**Work to be completed:** Only the lines from the one containing "Racing Roda 2GrasstrackRace" through the end of the entries should be returned, exactly as they are, with the pictures omitted.
◇ ◇ ◇
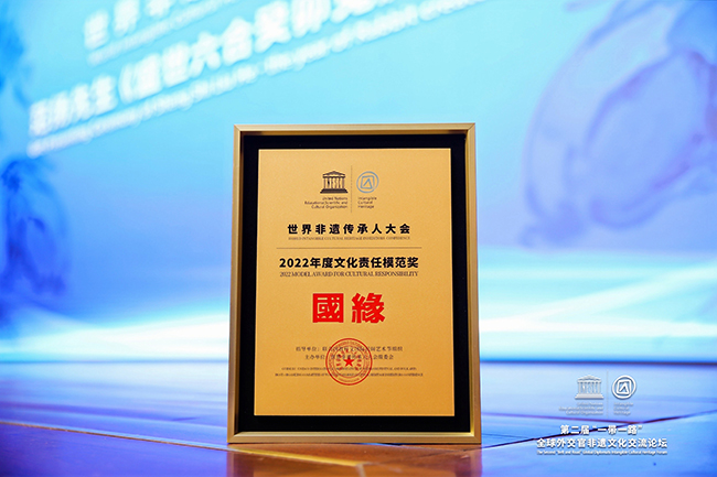 1月6日,以“六合共生,盛世國緣”為主題的第二屆“一帶一路”全球外交官非遺文化交流論壇在北京召開(kāi)。論壇期間,國緣品牌榮獲“2022年度文化責任模范獎”。
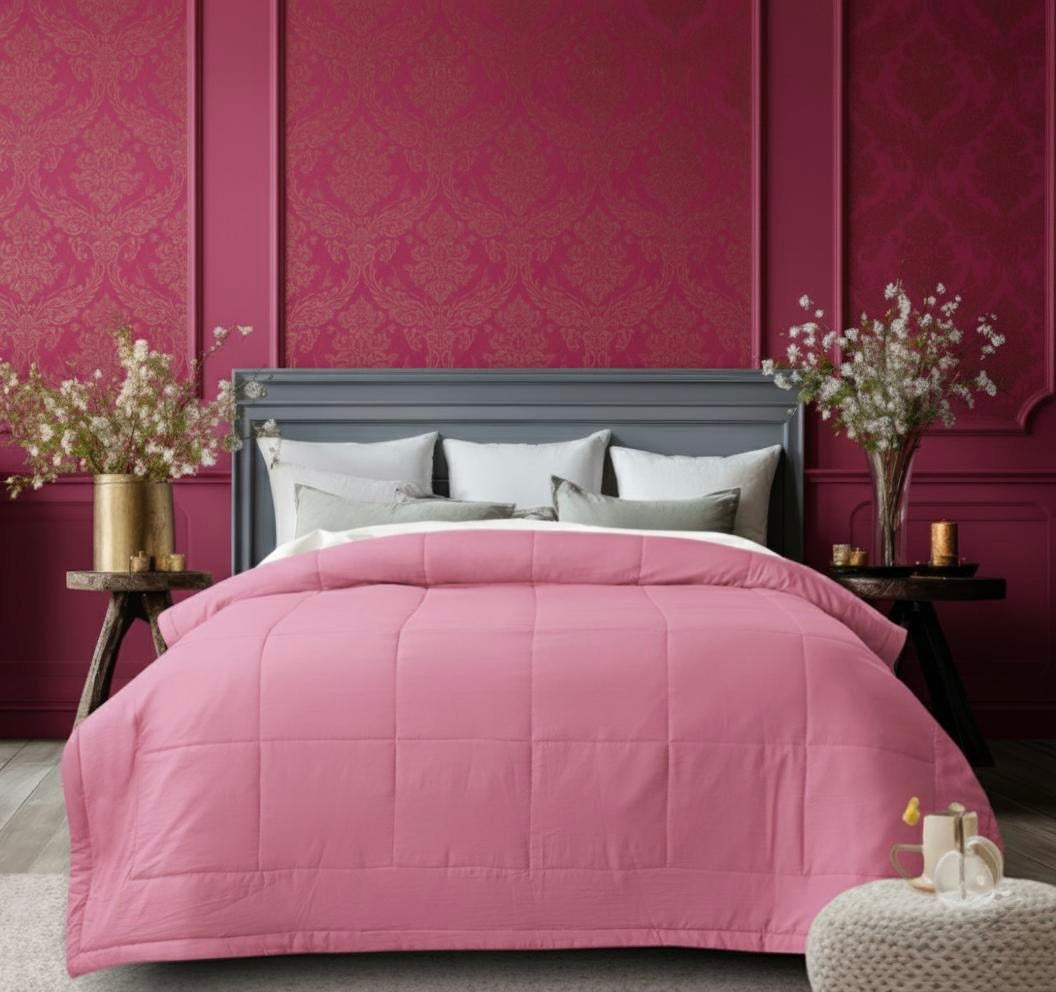 - All Season, Soft, cosy and light weight reversible comforter with 300 GSM hollow siliconized polyester filling
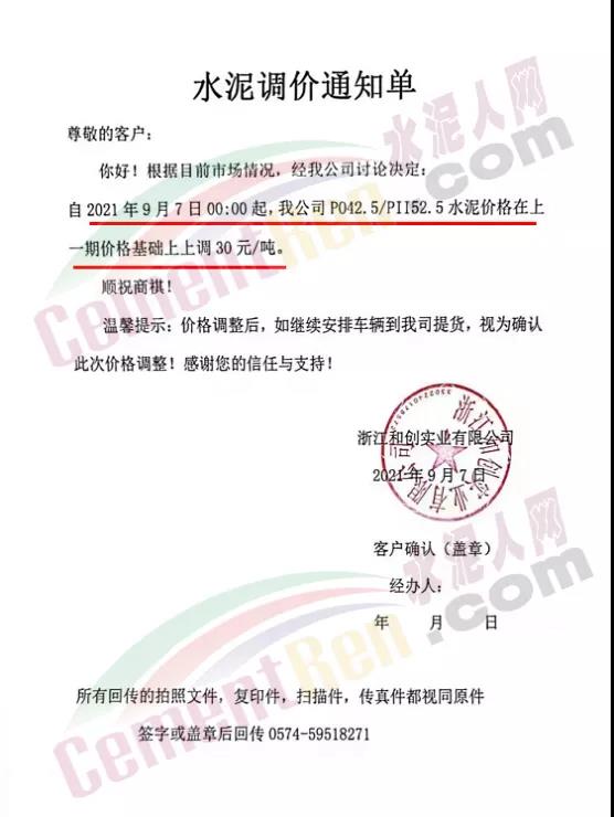 9月7日華東區(qū)域貿(mào)易商浙江和創(chuàng)實業(yè)有限公司通知PO42.5和PII52.5水泥上調(diào)30元/噸。
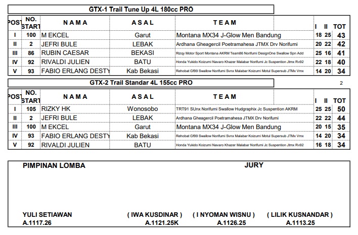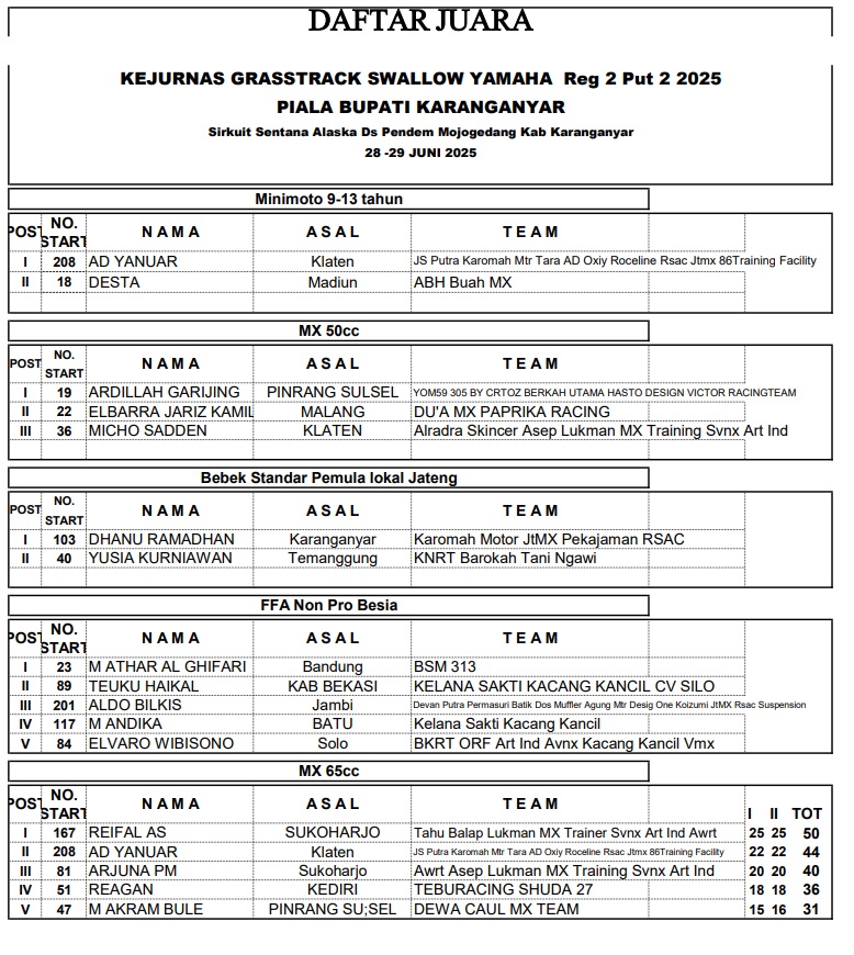 Racing Roda 2GrasstrackRace Results Hasil Kejurnas Grasstrack 2025 Reg. 2 Karanganyar Penulis Hafid Hapid - 29 Juni 2025 0 1507 FacebookXPinterestWhatsApp OtomotifZone.com – Karanganyar. Berikut hasil Seri 2 Kejurnas Grasstrack Reg. 2 sirkuit Sentana Alaska, Pendem, Mojogedang, Karanganyar 28 – 29 Juni 2025.
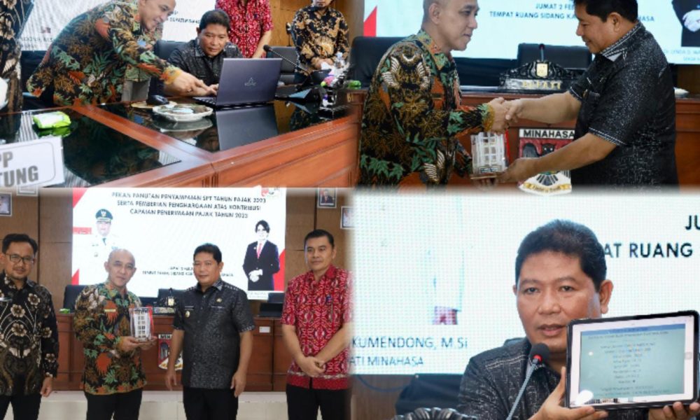 TONDANO,inforakyatnews.com-Penjabat Bupati Minahasa, Dr Jemmy Stani Kumendong MSi melakukan pengisian laporan SPT tahun pajak 2023, yang disaksikan langsung Kepala KPP Pratama Bitung, Yul Heriawan MM, Kepala...
◇ ◇ ◇
**Exercise response:**
 Racing Roda 2GrasstrackRace Results Hasil Kejurnas Grasstrack 2025 Reg. 2 Karanganyar Penulis Hafid Hapid - 29 Juni 2025 0 1507 FacebookXPinterestWhatsApp OtomotifZone.com – Karanganyar. Berikut hasil Seri 2 Kejurnas Grasstrack Reg. 2 sirkuit Sentana Alaska, Pendem, Mojogedang, Karanganyar 28 – 29 Juni 2025.
 TONDANO,inforakyatnews.com-Penjabat Bupati Minahasa, Dr Jemmy Stani Kumendong MSi melakukan pengisian laporan SPT tahun pajak 2023, yang disaksikan langsung Kepala KPP Pratama Bitung, Yul Heriawan MM, Kepala...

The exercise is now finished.